• Thursday, April 18, 2024
businessday logo

BusinessDay

Nigeria’s sugar imports rise by 5% after 2yrs’ consecutive decline

sugar

Nigeria’s sugar and sugar confectionery imports rose marginally year-on-year by 5.1 percent in 2019, after recording a consistent decline since 2016, a BusinessDay analysis shows.

According to data from the International Trade Centre (ITC), a multilateral agency that serves as a focal point for trade-related technical assistance, importation of sugar steadily reduced by 23 percent to $619.3 million in 2017 from $804.5 in 2016 and by 16 percent to $519.9 million in 2018, but rose by 5.1 percent to $545.7 million in 2019.

“The international sugar market is really tight because Brazil and India are not producing much unlike before, in which reduced production resulted in price pressure,” Ayorinde Akinloye, a consumer analyst at CSL Stockbrokers, said.

Nigeria, one of sub-Saharan Africa’s largest importers of sugar, imports its raw sugar from countries such as Brazil and India. According to Food and Agriculture Organization (FAO), Sugar Price Index averaged 190.3 points in December 2019 from 168.6 points in September.

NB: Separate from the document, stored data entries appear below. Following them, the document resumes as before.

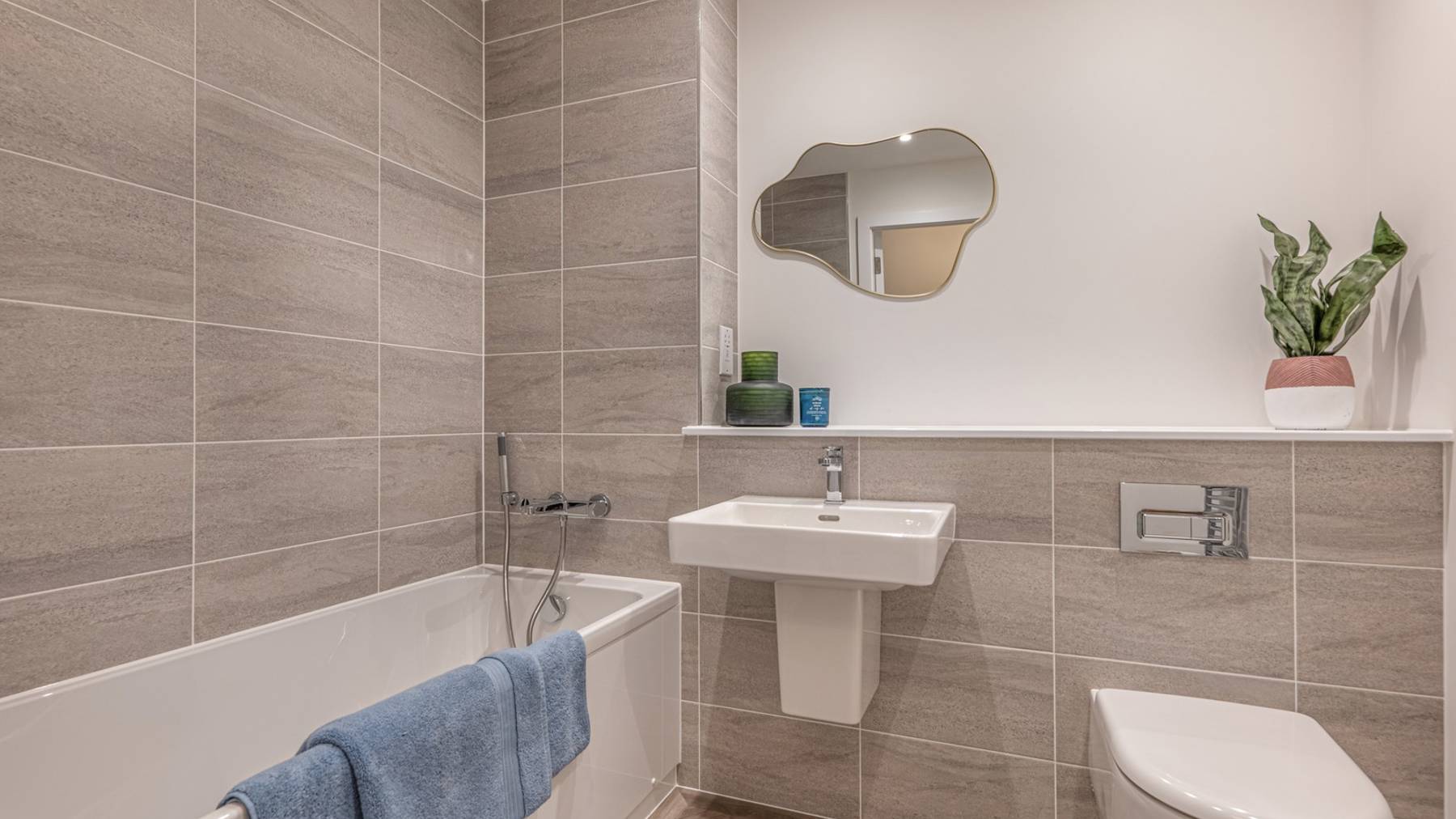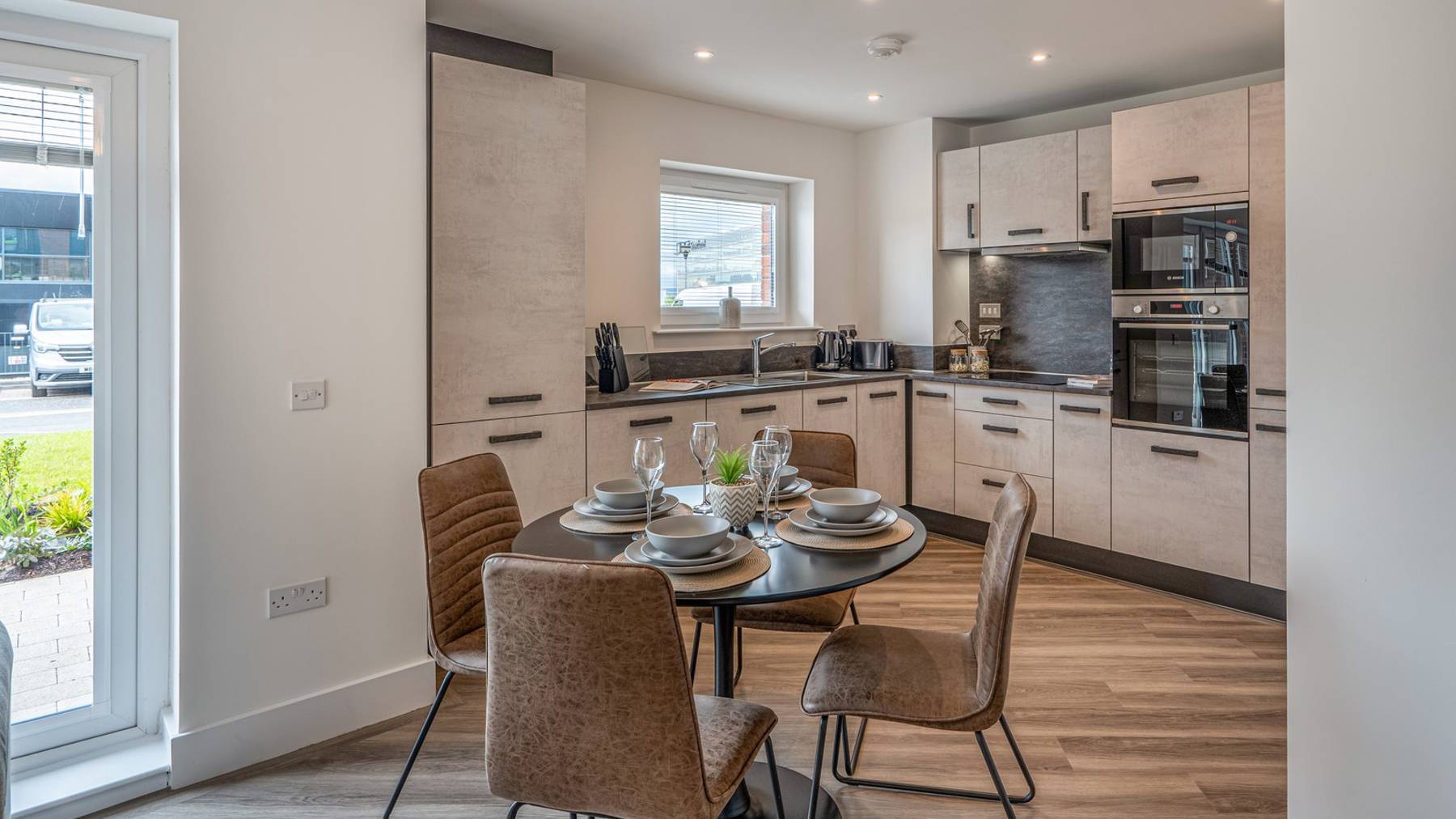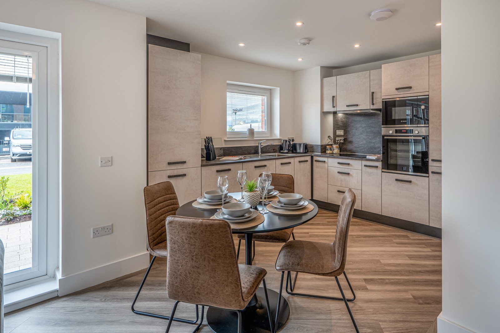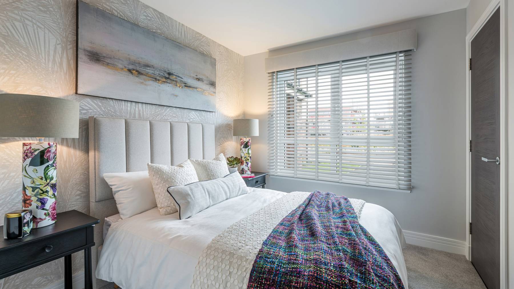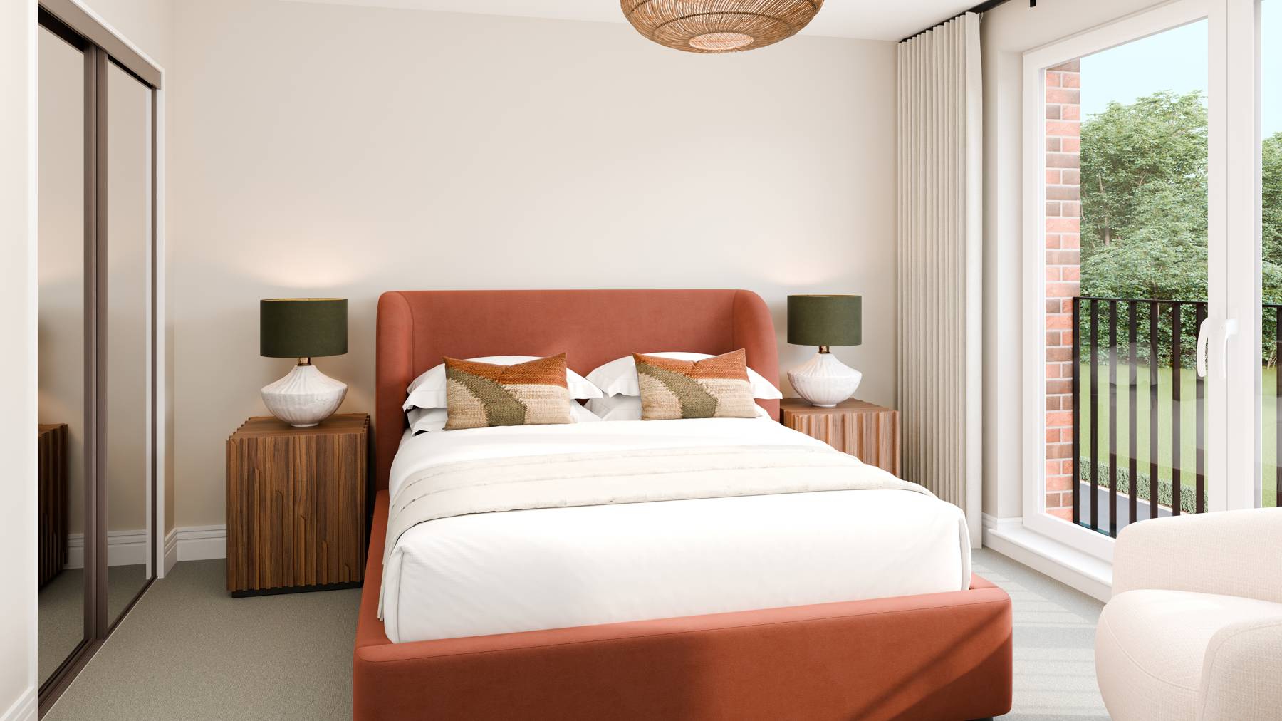 The impressive open-plan living space is complemented by a walk-out balcony which overlooks the developments’ communal gardens and green spaces. The designer kitchen by Creative Designs features integrated Bosch appliances creating a sleek and modern finish.
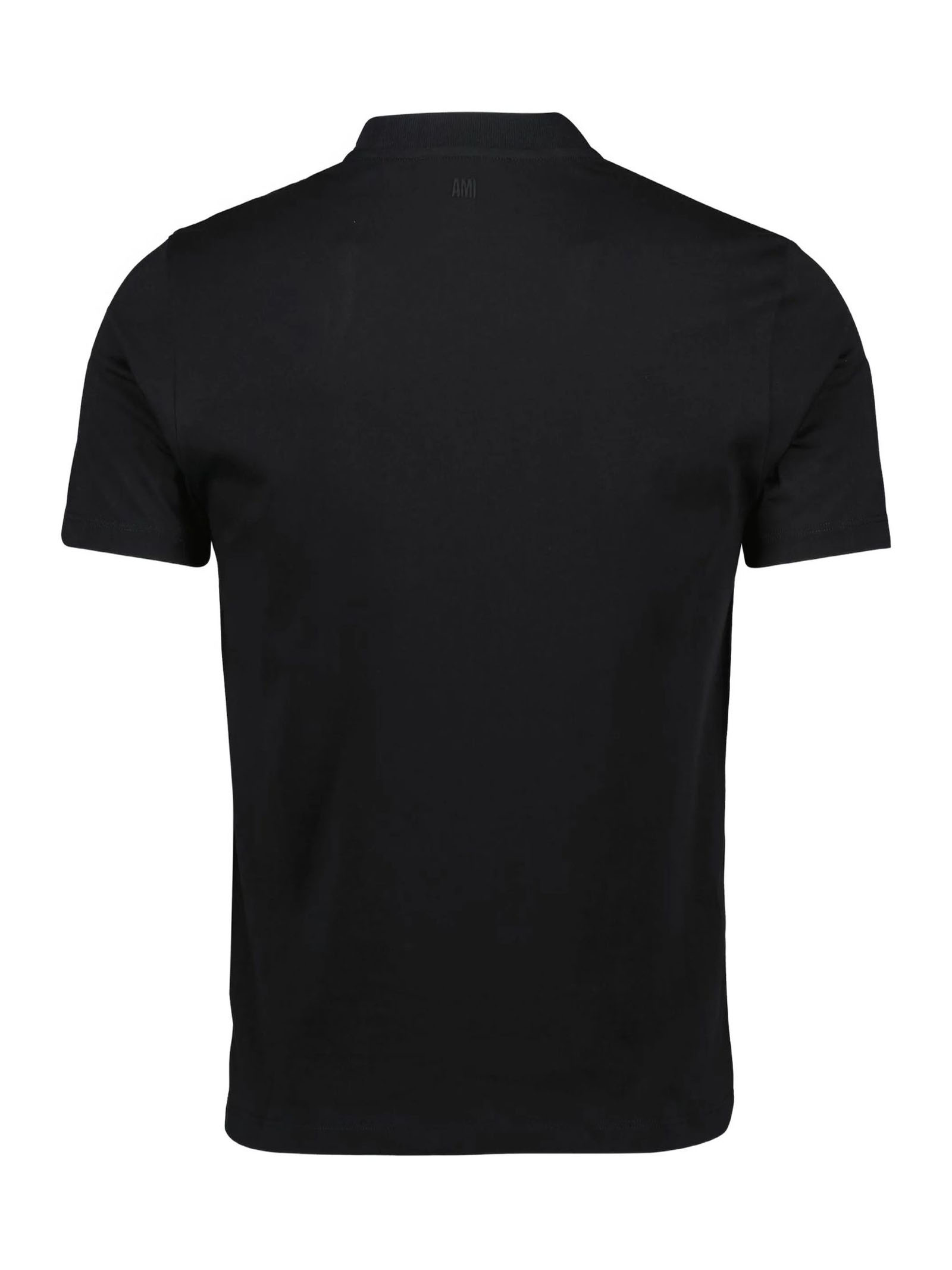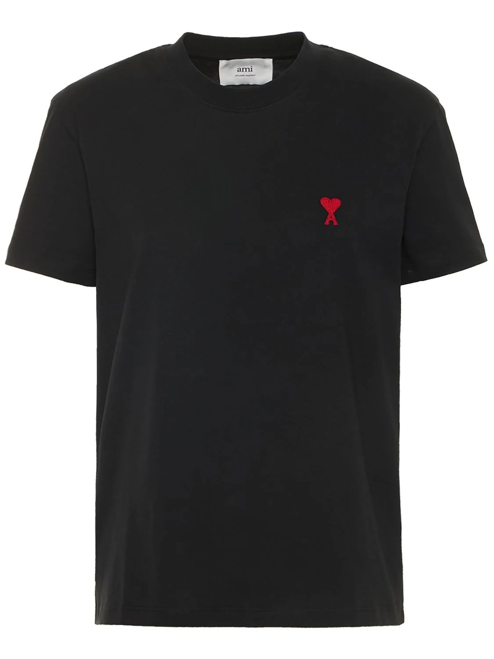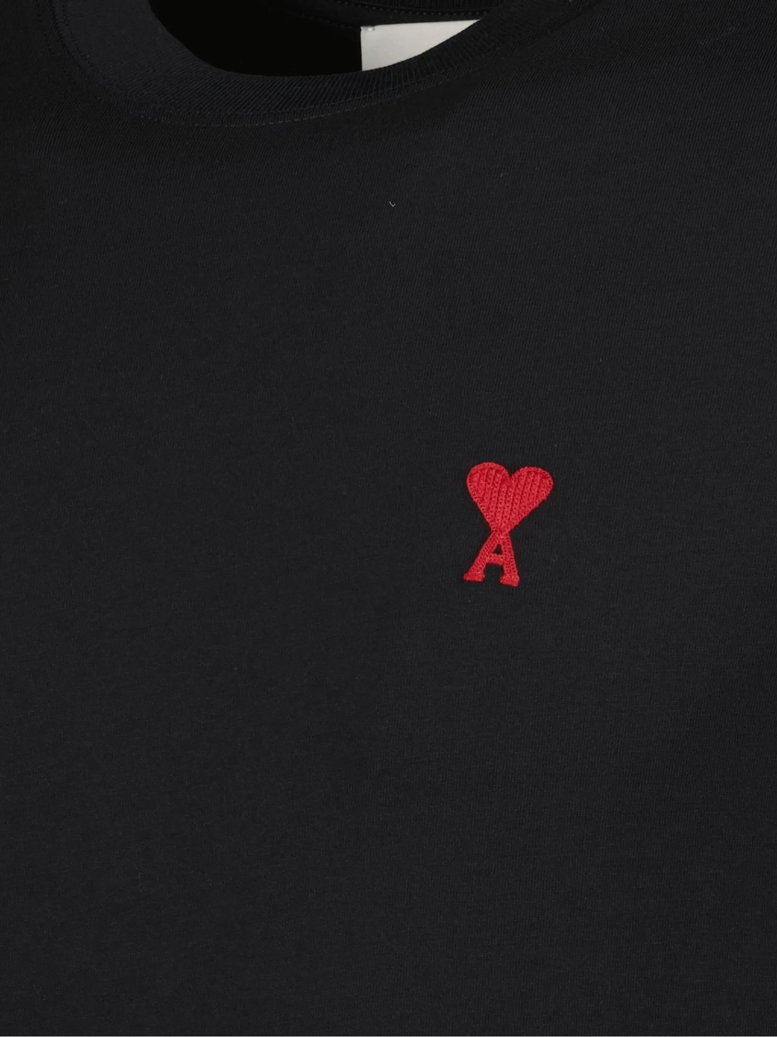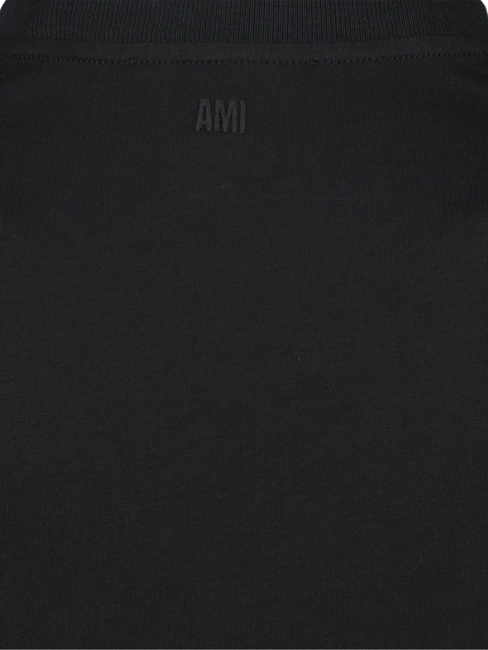 T-shirt in cotone biologico nero, trama jersey, caratteristico motivo con monogramma Ami de Coeur, girocollo, maniche con spalle scese, maniche corte, orlo dritto
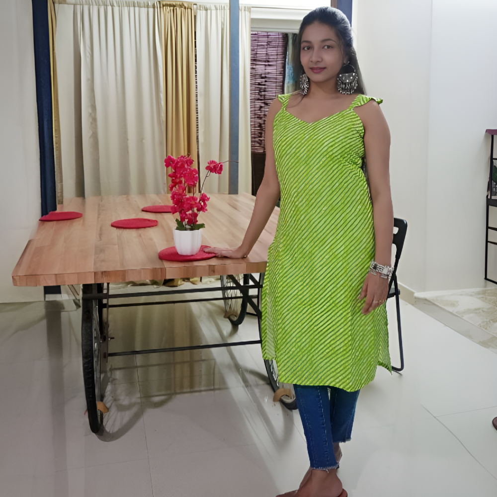 "Infuse your look with energy in a vibrant parrot green lehariya kurta—perfect for festive mornings or cultural celebrations. Pair it with straight pants. Accessorize with traditional jhumkas, colorful bangles, and embroidered juttis.
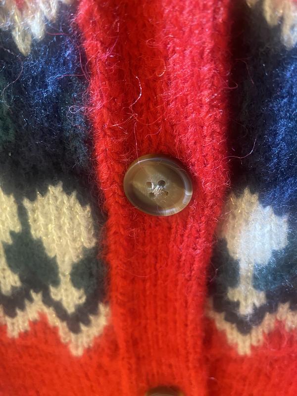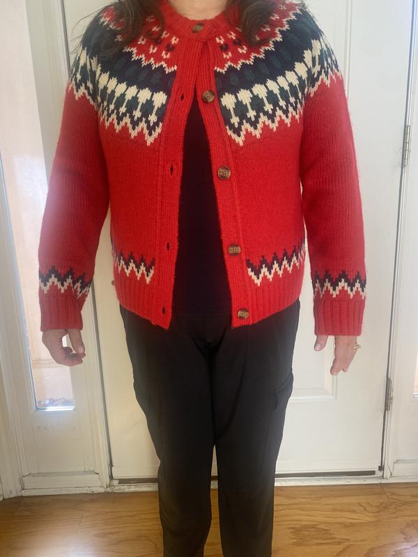 Love the Fair Isle pattern and the vibrant colors of Red, Green, Black, Cream, Navy Blue are so beautiful! Pretty buttons too. This sweater will keep you warm, so thick and soft, and the fit is just right. The cardigan makes it so easy to throw on and take off, easy to pack. Will go with any style. Made of Polyester, Acrylic and Nylon.
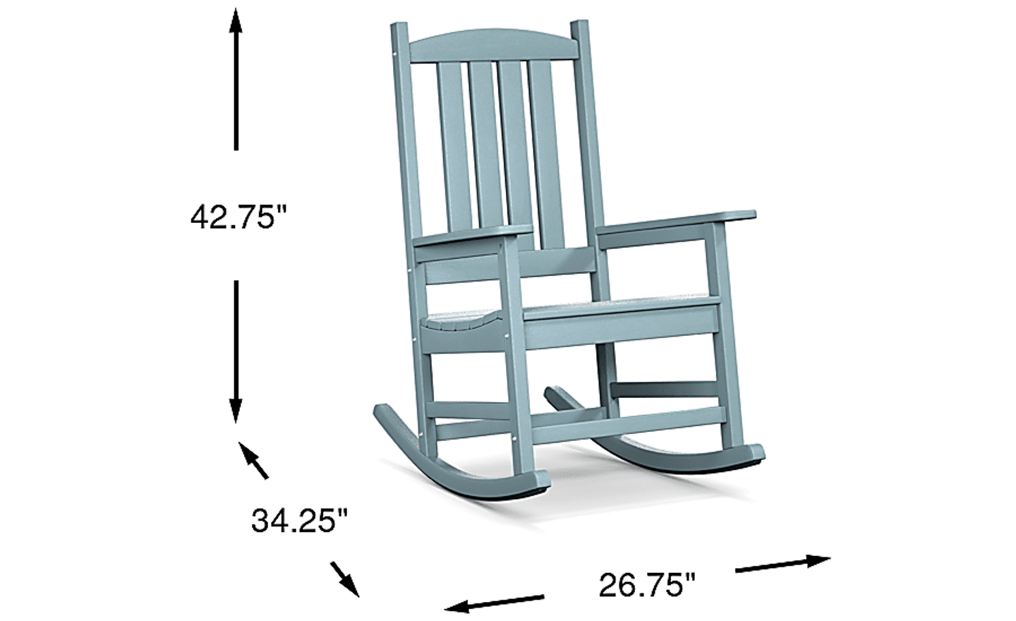 With a width of 26.75 inches and a depth of 34.25 inches, this rocker is well-suited for most standard porches. However, to ensure a smooth and safe rocking motion, we recommend allowing for at least 18 to 24 inches of clearance both in front of and behind the chair. This prevents the "rocker legs" from making contact with railings or walls during use.
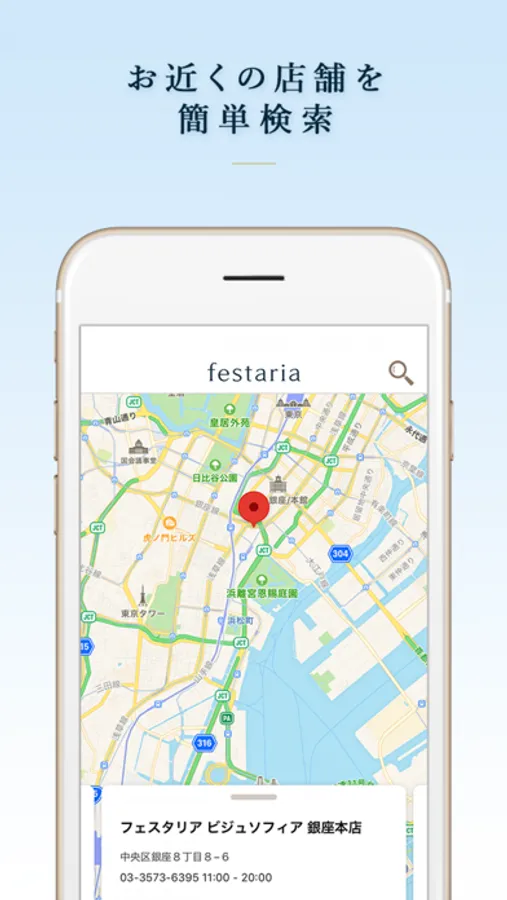 現在地や都道府県などから店舗検索が行えるほか、店舗の住所や電話番号、営業時間などをご確認いただけます。
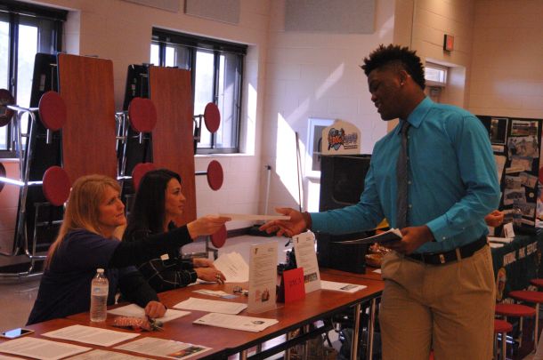 Zamir Jones is eager to find a job and took full advantage of the opportunity to speak with potential employers at the Navarre High School Job Fair Thursday morning in the cafeteria.

Read also: COVID-19: OCP Africa’s Agribooster set to support 75,000 farmers in planting season

“The rally in international sugar price quotations was prompted by rising crude oil prices, a situation that encouraged Brazil’s sugar mills to use more sugarcane supplies to produce ethanol instead of sugar, which resulted in reduced sugar availability in the global market,” the FAO report stated.

In the crop year of 2018/2019, Brazil produced approximately 29.5 million metric tons of sugar, a decrease of more than 24 percent in comparison to the previous year. This is the first time in the indicated period when then Brazilian annual sugar production stood below 30 million tons.

Emmanuel Ijewere, vice president, Nigerian AgriBusiness Group (NABG), noted that sugarcane production in Nigeria had a little challenge the year before which now cascaded into last year and that created a situation where there was a shortfall of the level of sugar.

“But I believe that Nigeria will import less this year because the COVID-19 has adjusted and reset a number of things. Nigeria will not be importing sugar except for specialised kinds, but a lot will be done to discourage it,” Ijewere said.

Sugar importation in Nigeria has been on a decline since 2016 till it picked up last year due to the Federal Government’s National Sugar Master Plan (NSMP), a policy roadmap for sugar production that was implemented in 2013 with the objective to achieve self-sufficiency in sugar production, save foreign exchange on the importation of sugar and ethanol, and establishment of 28 factories of varying capacities across the country, among others.

The policy provides a five-year tax holiday for investors in the country’s sugar added-value chain, a 10 percent duty, plus a 50 percent levy on imported sugar and a 20 percent, plus a 60 percent levy for imported refined sugar. It is aimed to produce around 1.79 million tons of sugar in 2020-23.

Experts believe that international sugar prices may be lower this year as Brazilian sugarcane mills are likely to accelerate a shift away from ethanol production to sugar in the upcoming season as sharply lower oil prices erode the competitiveness of the biofuel against gasoline.